** Source material follows **

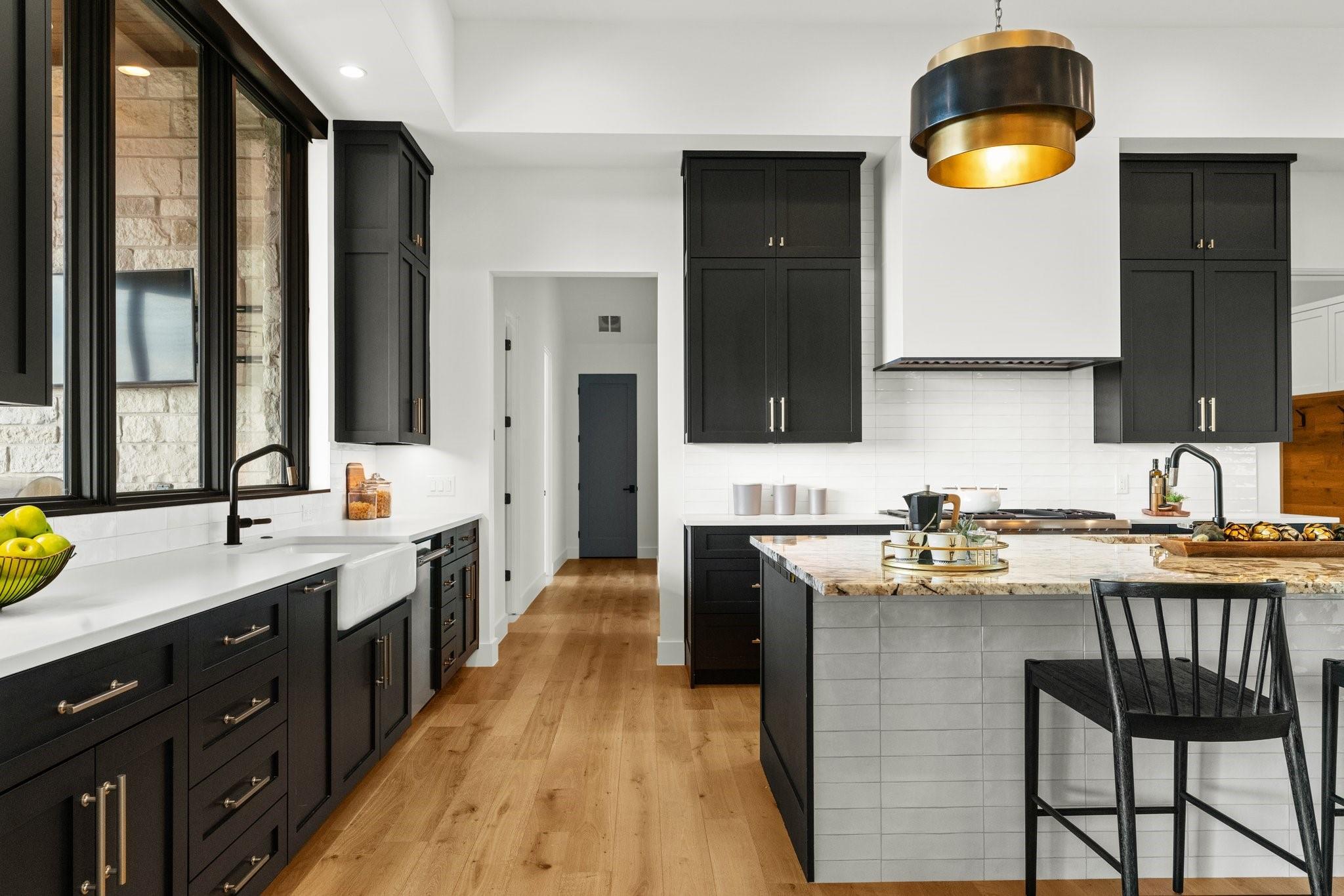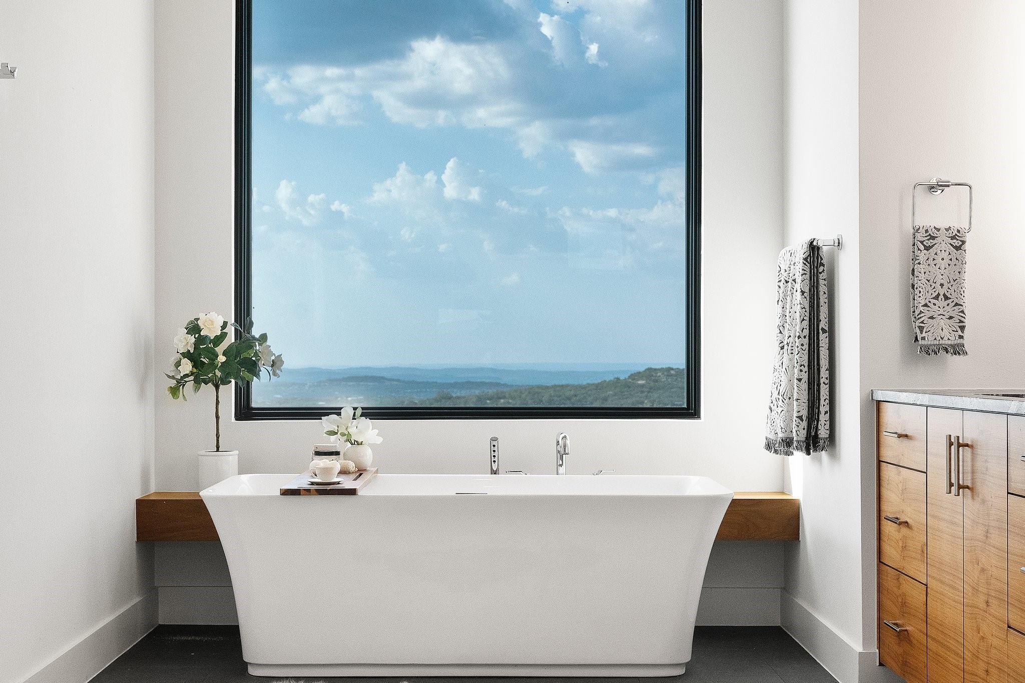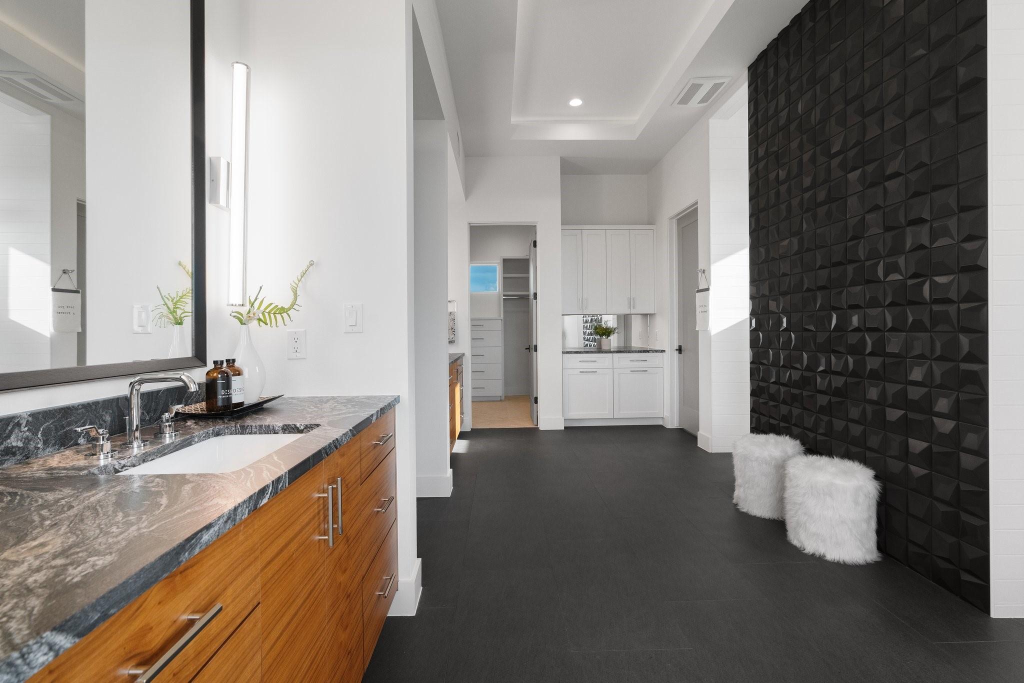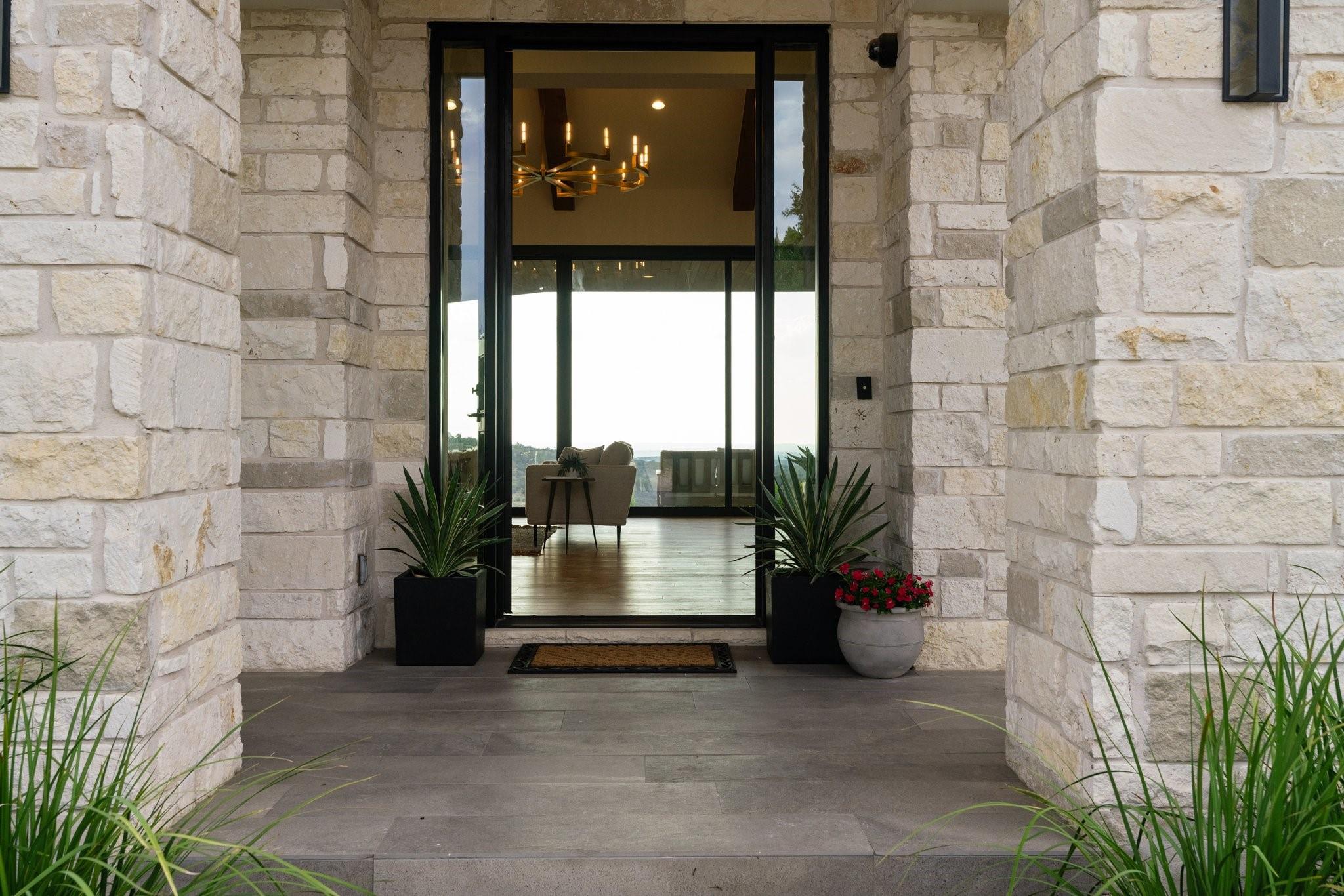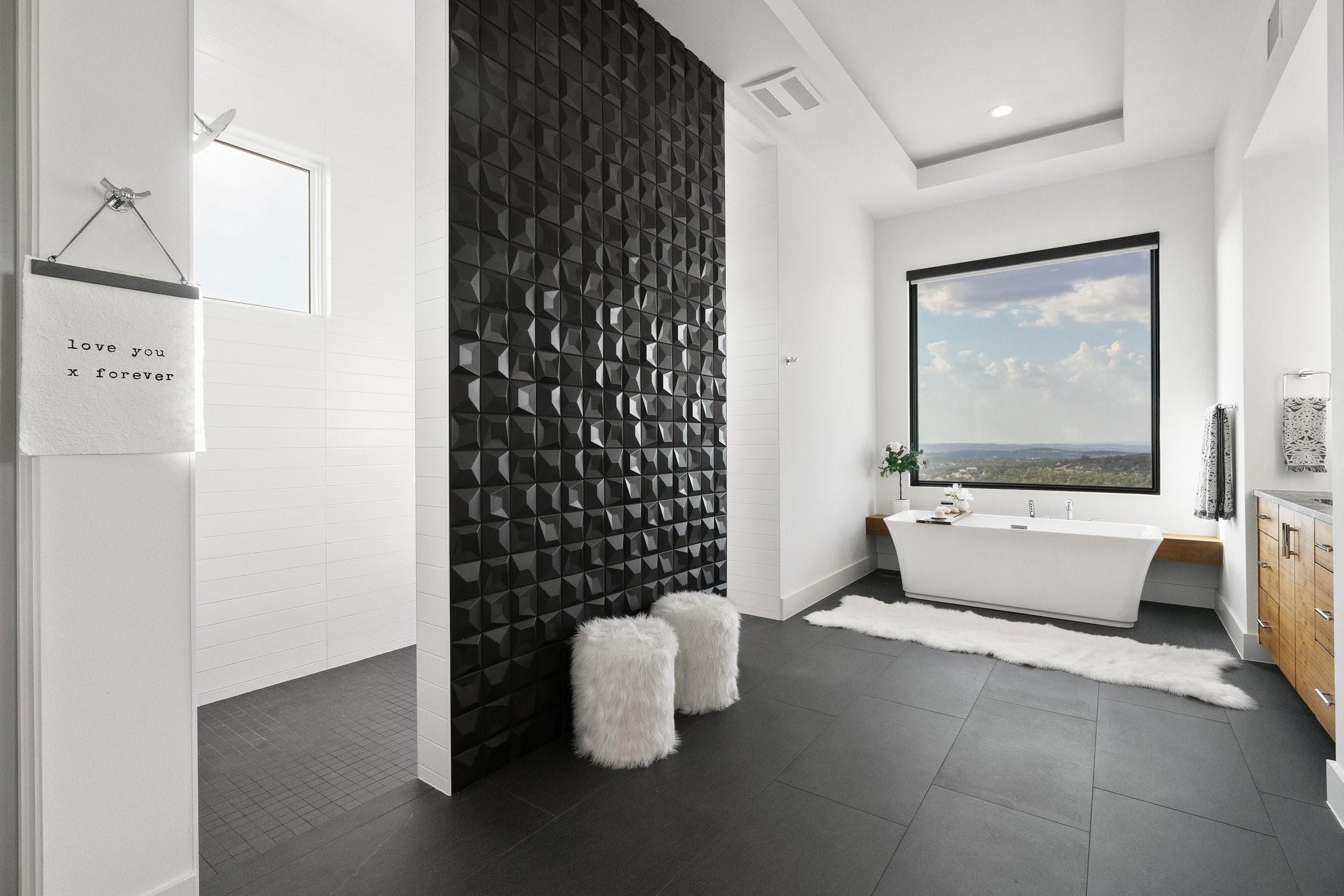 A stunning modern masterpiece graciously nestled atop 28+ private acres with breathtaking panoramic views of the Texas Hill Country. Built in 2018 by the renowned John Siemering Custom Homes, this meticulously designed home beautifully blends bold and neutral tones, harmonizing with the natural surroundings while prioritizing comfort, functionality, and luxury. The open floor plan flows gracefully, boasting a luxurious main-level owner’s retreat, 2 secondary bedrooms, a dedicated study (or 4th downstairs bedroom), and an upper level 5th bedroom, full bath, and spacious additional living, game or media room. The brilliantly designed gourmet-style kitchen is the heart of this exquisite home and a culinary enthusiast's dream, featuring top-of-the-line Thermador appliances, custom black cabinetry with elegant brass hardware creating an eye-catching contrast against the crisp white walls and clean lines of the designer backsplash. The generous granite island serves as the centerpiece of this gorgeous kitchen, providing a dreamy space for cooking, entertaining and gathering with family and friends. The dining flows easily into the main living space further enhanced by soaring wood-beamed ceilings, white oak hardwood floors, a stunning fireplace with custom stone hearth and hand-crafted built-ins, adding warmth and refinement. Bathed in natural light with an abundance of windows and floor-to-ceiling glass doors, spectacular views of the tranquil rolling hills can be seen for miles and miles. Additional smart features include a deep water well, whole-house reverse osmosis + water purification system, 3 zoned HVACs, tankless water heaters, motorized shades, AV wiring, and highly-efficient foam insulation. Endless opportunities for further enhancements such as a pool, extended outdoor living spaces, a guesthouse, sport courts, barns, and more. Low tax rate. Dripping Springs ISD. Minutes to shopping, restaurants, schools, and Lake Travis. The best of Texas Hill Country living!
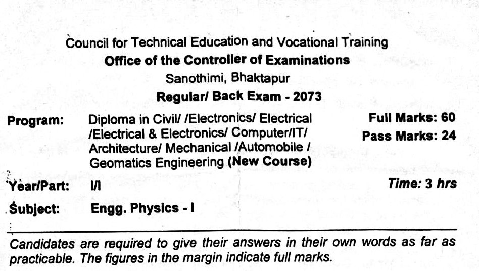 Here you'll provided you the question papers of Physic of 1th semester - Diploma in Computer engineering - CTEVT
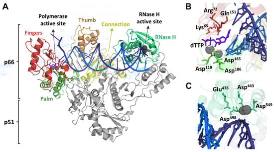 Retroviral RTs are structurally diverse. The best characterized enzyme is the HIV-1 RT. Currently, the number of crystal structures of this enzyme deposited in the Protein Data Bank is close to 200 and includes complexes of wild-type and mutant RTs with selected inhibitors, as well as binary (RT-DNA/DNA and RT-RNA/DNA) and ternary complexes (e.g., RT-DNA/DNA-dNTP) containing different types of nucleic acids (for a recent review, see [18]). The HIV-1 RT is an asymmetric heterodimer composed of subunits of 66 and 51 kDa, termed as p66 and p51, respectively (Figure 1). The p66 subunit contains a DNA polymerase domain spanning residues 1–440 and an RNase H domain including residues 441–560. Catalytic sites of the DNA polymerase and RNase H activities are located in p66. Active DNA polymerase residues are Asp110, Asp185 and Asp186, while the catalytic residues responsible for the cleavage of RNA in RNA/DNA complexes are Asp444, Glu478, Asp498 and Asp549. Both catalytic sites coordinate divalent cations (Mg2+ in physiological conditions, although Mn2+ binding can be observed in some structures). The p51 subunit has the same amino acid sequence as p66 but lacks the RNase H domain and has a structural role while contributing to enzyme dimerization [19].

** End of Source material **

◆ **Work item**
Each line of the data must be restated exactly, and the pictures must be left out.

◆ **Response to the task**
 A stunning modern masterpiece graciously nestled atop 28+ private acres with breathtaking panoramic views of the Texas Hill Country. Built in 2018 by the renowned John Siemering Custom Homes, this meticulously designed home beautifully blends bold and neutral tones, harmonizing with the natural surroundings while prioritizing comfort, functionality, and luxury. The open floor plan flows gracefully, boasting a luxurious main-level owner’s retreat, 2 secondary bedrooms, a dedicated study (or 4th downstairs bedroom), and an upper level 5th bedroom, full bath, and spacious additional living, game or media room. The brilliantly designed gourmet-style kitchen is the heart of this exquisite home and a culinary enthusiast's dream, featuring top-of-the-line Thermador appliances, custom black cabinetry with elegant brass hardware creating an eye-catching contrast against the crisp white walls and clean lines of the designer backsplash. The generous granite island serves as the centerpiece of this gorgeous kitchen, providing a dreamy space for cooking, entertaining and gathering with family and friends. The dining flows easily into the main living space further enhanced by soaring wood-beamed ceilings, white oak hardwood floors, a stunning fireplace with custom stone hearth and hand-crafted built-ins, adding warmth and refinement. Bathed in natural light with an abundance of windows and floor-to-ceiling glass doors, spectacular views of the tranquil rolling hills can be seen for miles and miles. Additional smart features include a deep water well, whole-house reverse osmosis + water purification system, 3 zoned HVACs, tankless water heaters, motorized shades, AV wiring, and highly-efficient foam insulation. Endless opportunities for further enhancements such as a pool, extended outdoor living spaces, a guesthouse, sport courts, barns, and more. Low tax rate. Dripping Springs ISD. Minutes to shopping, restaurants, schools, and Lake Travis. The best of Texas Hill Country living!
 Here you'll provided you the question papers of Physic of 1th semester - Diploma in Computer engineering - CTEVT
 Retroviral RTs are structurally diverse. The best characterized enzyme is the HIV-1 RT. Currently, the number of crystal structures of this enzyme deposited in the Protein Data Bank is close to 200 and includes complexes of wild-type and mutant RTs with selected inhibitors, as well as binary (RT-DNA/DNA and RT-RNA/DNA) and ternary complexes (e.g., RT-DNA/DNA-dNTP) containing different types of nucleic acids (for a recent review, see [18]). The HIV-1 RT is an asymmetric heterodimer composed of subunits of 66 and 51 kDa, termed as p66 and p51, respectively (Figure 1). The p66 subunit contains a DNA polymerase domain spanning residues 1–440 and an RNase H domain including residues 441–560. Catalytic sites of the DNA polymerase and RNase H activities are located in p66. Active DNA polymerase residues are Asp110, Asp185 and Asp186, while the catalytic residues responsible for the cleavage of RNA in RNA/DNA complexes are Asp444, Glu478, Asp498 and Asp549. Both catalytic sites coordinate divalent cations (Mg2+ in physiological conditions, although Mn2+ binding can be observed in some structures). The p51 subunit has the same amino acid sequence as p66 but lacks the RNase H domain and has a structural role while contributing to enzyme dimerization [19].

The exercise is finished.